Мы приземляемся, и теперь, когда я действительно здесь, меня накрывает волной страха.

Возможно, ты меня никогда не простишь. Лав, например, так и не простила.

Я вызываю такси, сажусь в него, затем сажусь на паром, на часах по-прежнему объявление «Мы сломаны», а я для тебя исчез. Я нарушил данное тебе слово.

Мы добираемся до Бейнбриджа, на стоянке полно туристов и велосипедов, и еще не лето, но мужчины уже в сандалиях, а мамы в легких куртках, и время прошло. Не слишком ли много времени?

Я иду домой, сворачиваю на свою улицу, и ты была права, Мэри Кей: здесь не Кедровая бухта. Иначе ты поливала бы наши цветы и, увидев меня, приветственно махала бы рукой. «Джо! Ты вернулся!»
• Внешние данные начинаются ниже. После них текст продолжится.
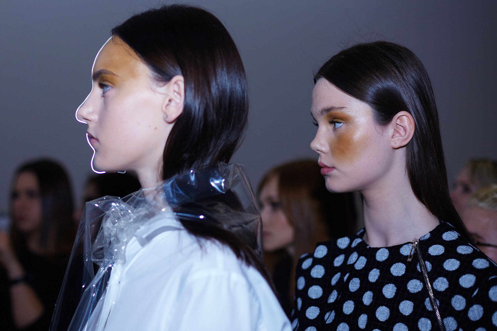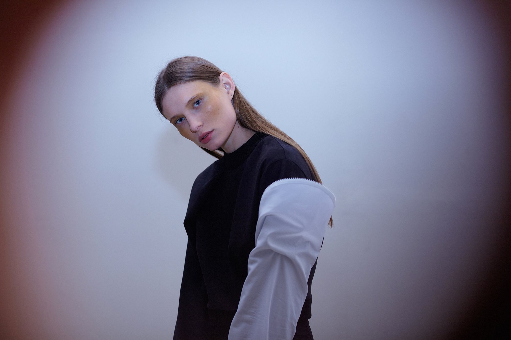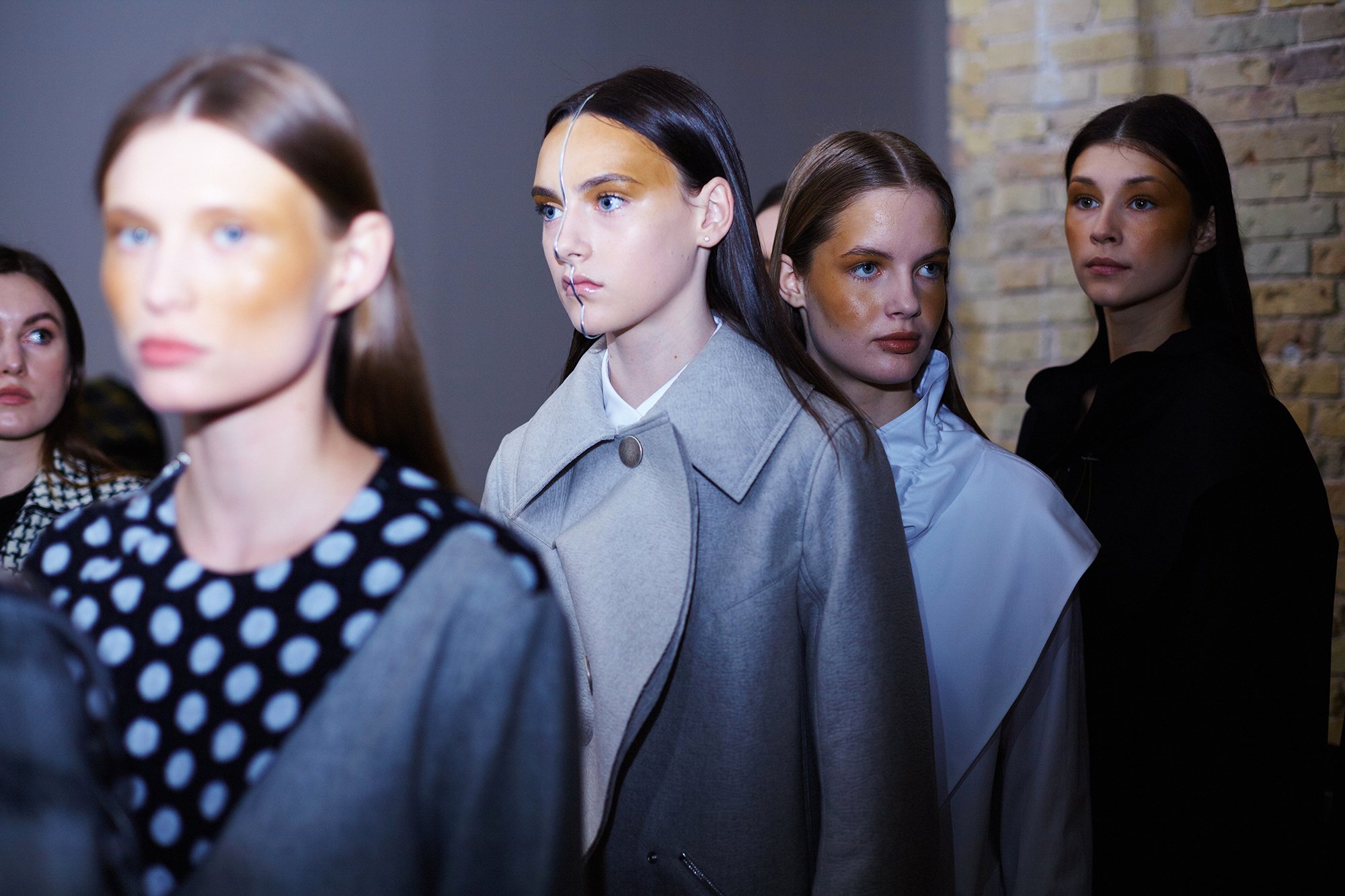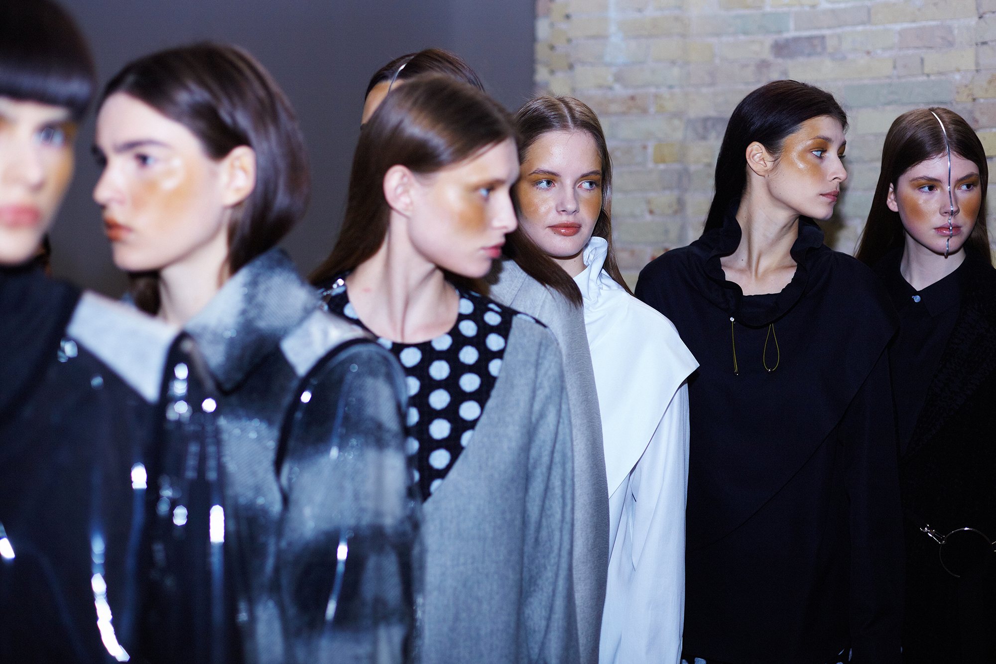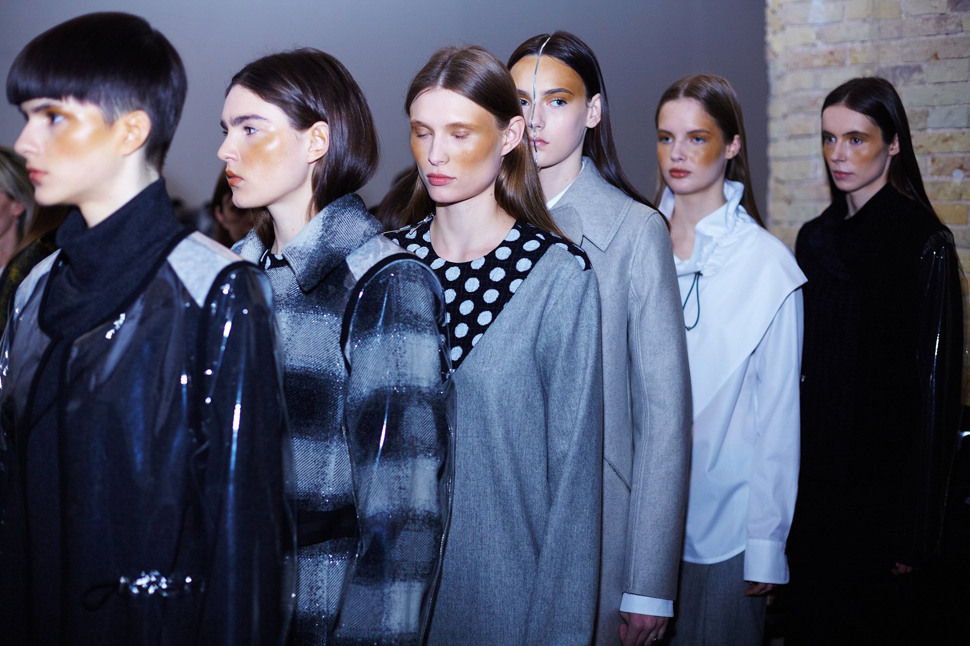 Главная роль в показе была отведена пальто – это сильная сторона Пржонской, и они действительно подкупали сочетанием утилитарности и красоты. Ткань, из которой пошиты пальто, ламинирована и водонепроницаема: что, очевидно, одновременно и практично, и красиво, потому что придавало ей блеск и мерцание, соответствующее теме футуризма. Коллекция Пржонской очень последовательна: дизайнер ничего не бросала на полпути, развивая единожды выбранное направление до конца. Так, взяв за основу косой крой рукава, Елена применяет его сразу в нескольких силуэтах: и в пальто, и в платьях, и в рубашках. Использовав горох в нескольких луках, дизайнер периодически добавляет его в качестве деталей и в других выходах – равно как не оставляет она тему с присобранным горлом и не изменяет длине миди.
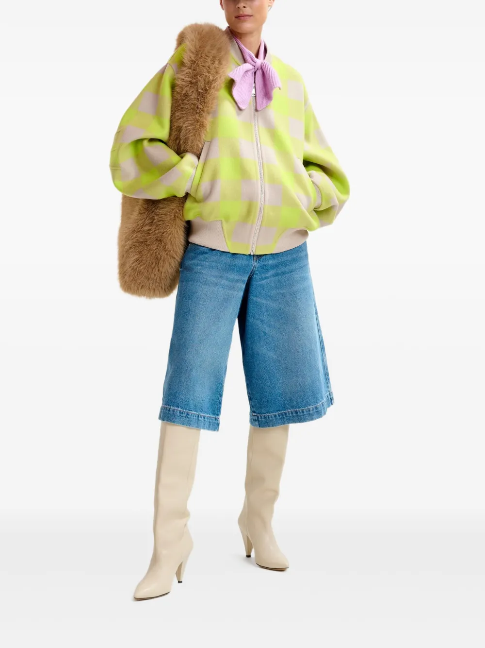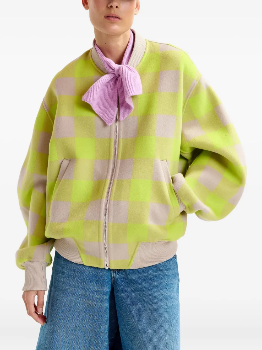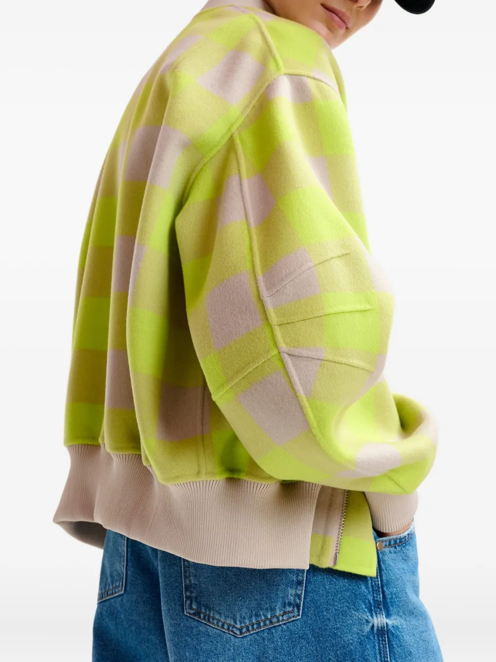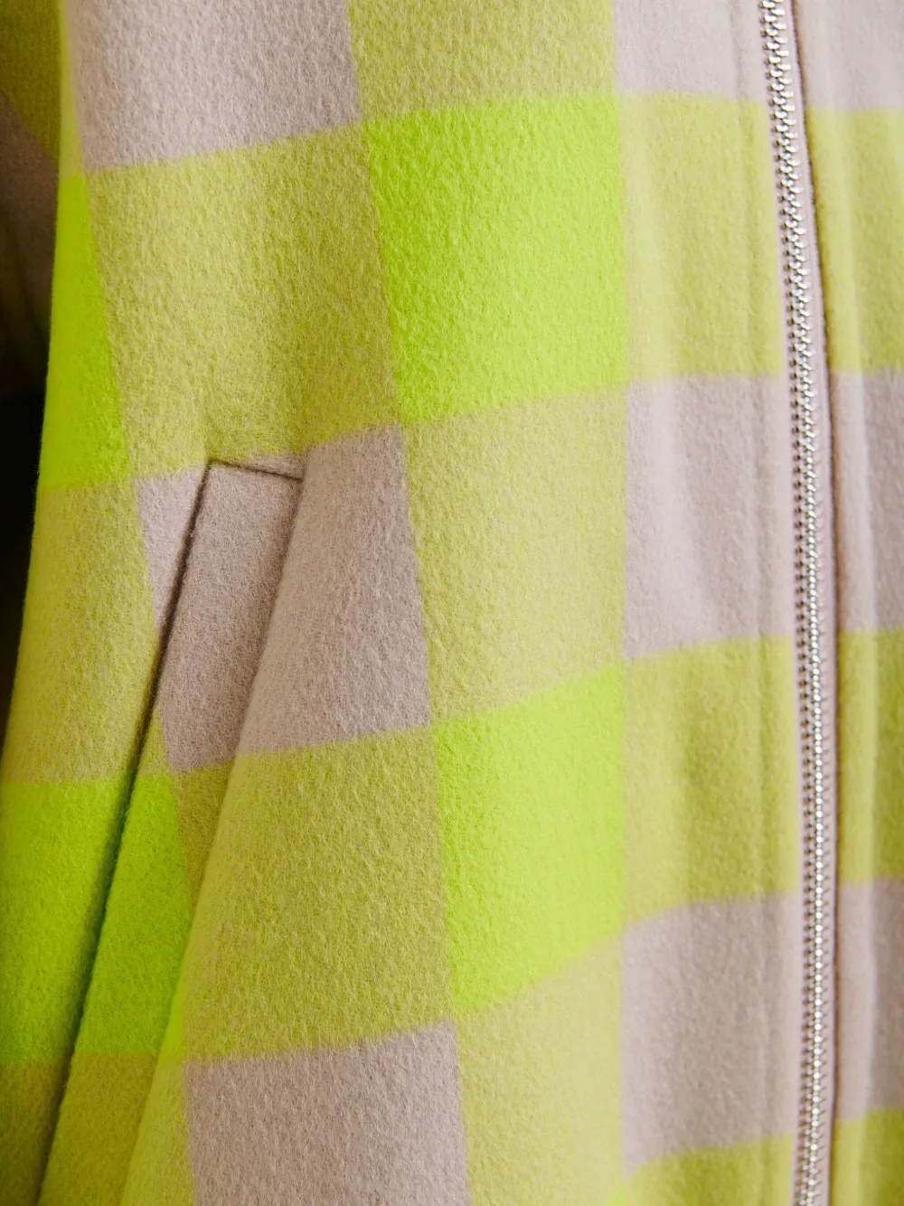Бежево-желтый клетчатый узор, застежка-молния по всей длине, спущенные плечи, косые боковые карманы, шерсть
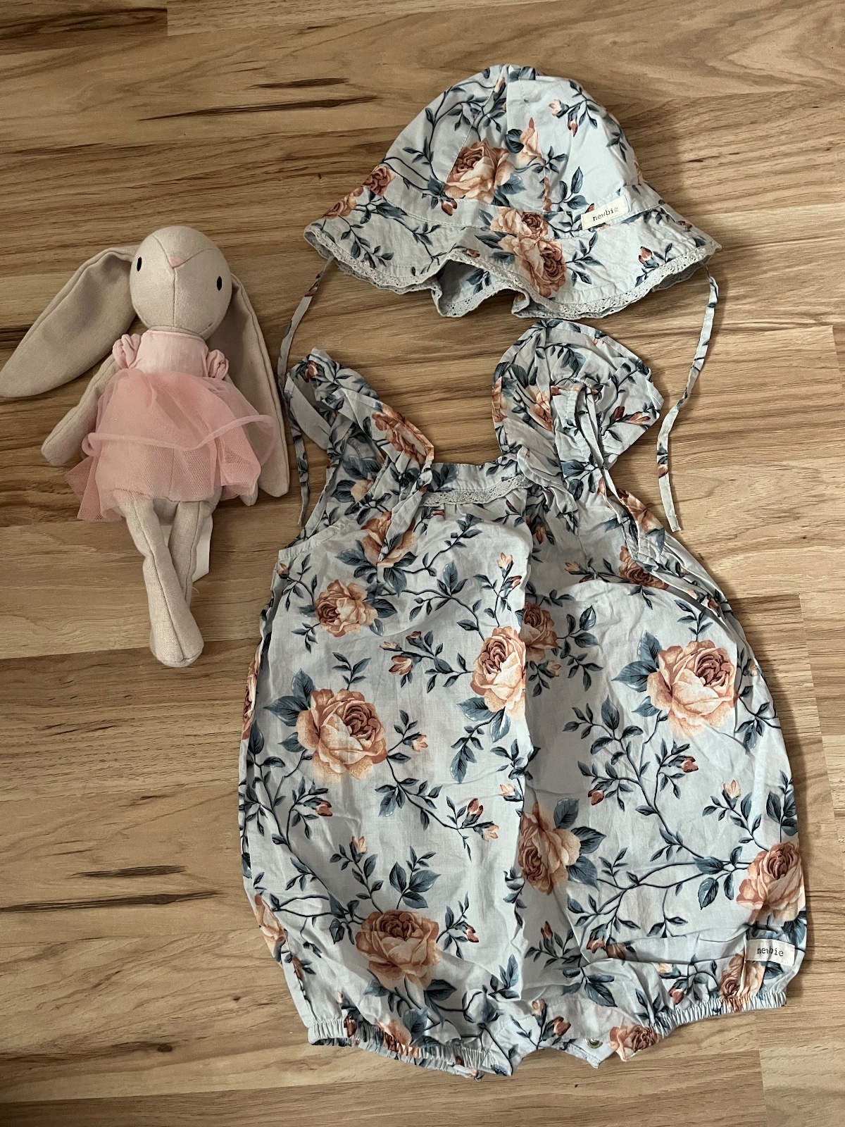 Značka: Newbie Stav: nosený veľmi málo, bez poškodení Materiál: 100% bavlna Veľkosť: na 12 až 18 mesiacov, nositeľný dlhšie Dĺžka: 46/48 cm Šírka: 27 cm Farba: marhulová

Я захожу в дом, не чувствую запаха печенья, но ты наполнила автоматические кормушки для котов, а Чески смотрит на меня, словно видит впервые в жизни (пошел ты, кот!), Оньк шипит (и ты туда же!), а Ушк даже не встал с гребаного дивана (вообще катись!). Хотя нет. Они не сделали ничего плохого.

В отличие от меня.

Твои туфли не стоят на коврике перед дверью. Я звоню Оливеру, а женщина с ливанским акцентом говорит, что Оливера нет, — понятно. Он сменил номер. Он никогда не был моим другом, зато его дом обставлен антикварной мебелью, и люди в Лос-Анджелесе просто используют других, чтобы получить желаемое. Я иду в свой гостевой дом, надеясь увидеть твои вещи, но и второй домик пуст. Ты исчезла, а я должен дышать, несмотря на боль. Ты исчезла для меня только потому, что думаешь, я тоже исчез.

Я бы никогда так с тобой не поступил, в глубине души ты ведь это знаешь, верно?

Я — раненый солдат после Третьей мировой любовной войны. Привожу себя в порядок, и в библиотеку, наверное, лучше поехать, чем идти пешком, но мне нравится идея, что ты увидишь меня изможденным, вспотевшим, изувеченным. Добравшись до места, я топчусь у входной двери публичной библиотеки Бейнбриджа, а затем глубоко вздыхаю, будто это первая страница новой книги, открываю дверь, и вот ты. На том же месте, что и в первый день. Ты роняешь книгу на стол. Сегодня — Роксана Гей, бесконечно далекая от Мураками, что был в день нашей встречи.

Ты пересекаешь зал, я выхожу за тобой на улицу, и ты направляешься к нашей любимой скамейке. Ты не садишься (дурное предзнаменование), ты сжимаешь кулаки, и ты закипаешь.

— Ох, чтоб тебя…

Теперь ты сидишь (хорошее предзнаменование), я тоже. Ты закидываешь ногу на ногу, в колготках даже летом, как вдова в трауре, и могу ли я положить руку тебе на колено, чтобы напомнить о тепле между нами? Нет.

— Мэри Кей…

— Даже не начинай.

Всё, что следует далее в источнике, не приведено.